- An early version of the game's logo
- Developer: Team17
- Publisher: Team17
- Series: Worms
- Platforms: PlayStation 3, PlayStation Vita, Windows, Xbox 360, OS X
- Release: Microsoft Windows, PlayStation 3 & Xbox 360 October 10, 2012 OS X June 6, 2013 PlayStation Vita October 8, 2013
- Genres: Artillery, Strategy
- Modes: Single-player, multiplayer

= Worms Revolution =

2012 video game

Worms Revolution is a 2D artillery turn-based tactics video game developed by Team17 and is part of the Worms series. It was released on PlayStation 3, Windows via Steam and Xbox 360 in October 2012. An OS X version was released on June 6, 2013. A PlayStation Vita version including all three previously released downloadable packs and titled Worms Revolution Extreme was released on October 8, 2013. This version of the game was included as part of a promotional bundle alongside the PlayStation TV system. Like previous games in the series, gameplay is 2D and turn-based, but it is rendered with a new 3D engine. There are both single player and multiplayer modes with up to four players online or local hotseat.

==Gameplay==

Gameplay follows on the traditional gameplay of the series, in which teams of worms take turns to use a variety of weapons and items in order to eliminate the opposing teams. The game is now presented in a 2.5D style, with the classic 2D gameplay presented with 3D visuals. New to the game is a stronger emphasis on dynamic physics. Unlike previous games in which water was limited to the bottom of the stage, there are now several areas throughout the level where pools of water can be found. By blowing up the environment, players can set loose this water and wash away opponents. Being covered will cause worms to slowly drown as opposed to instantly dying, though falling off the bottom of the stage will still cause instant death. New weapons, such as the water pistol, also incorporate these water physics. Certain objects are also affected by physics, with certain abilities such as Telekinesis taking advantage of it.

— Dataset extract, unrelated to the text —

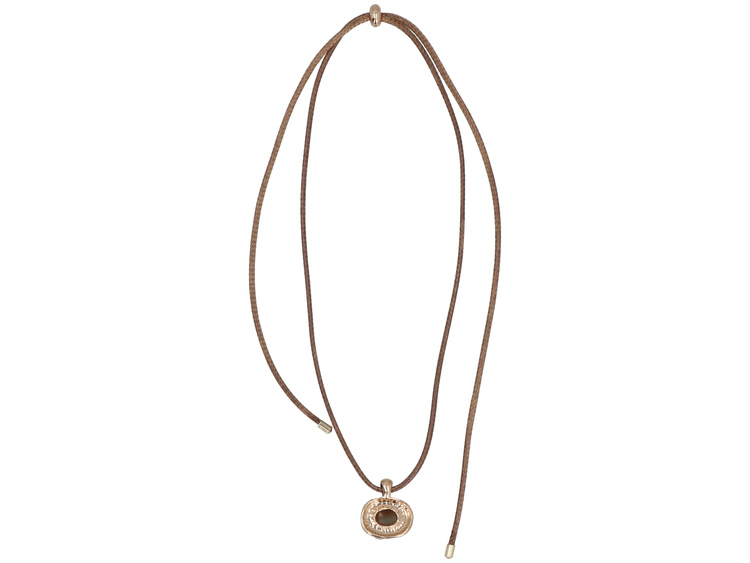 Ternura - collar minimalista con un colgante de bronce dorado sobre un cordón marrón encerado. Su forma interesante y su paleta de colores naturales crean una composición que emana tranquilidad y armonía.
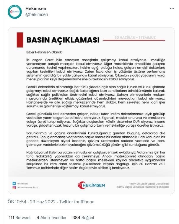 Başkanı FETÖ iltisaklı olan HEKİMSEN isimli oluşum da bu olay üzerinden kendisine rol devşirerek yayımladığı basın açıklamasında herkesi istifaya ve isyana çağırdı.

Another new addition to the series is the inclusion of four different classes; Soldier, Scout, Scientist and Heavy. Soldiers follow the standard template with all-round stats. Scouts are able to move and jump quicker and fall further before taking damage, but have less powerful attacks. Scientists can produce better weapons and equipment and award the other worms on the team a health bonus when their turn comes around. Finally, Heavies are slow moving, but have more powerful attacks and can take more damage. The game features options for single player, multiplayer and online play. There are also various customization options for changing worm appearances, match rules, weapon loadouts and stage appearances.

==Development==
The gameplay is based on the original 2D Worms games. On March 30, 2012, Team17 announced Worms Revolution with a completely new engine.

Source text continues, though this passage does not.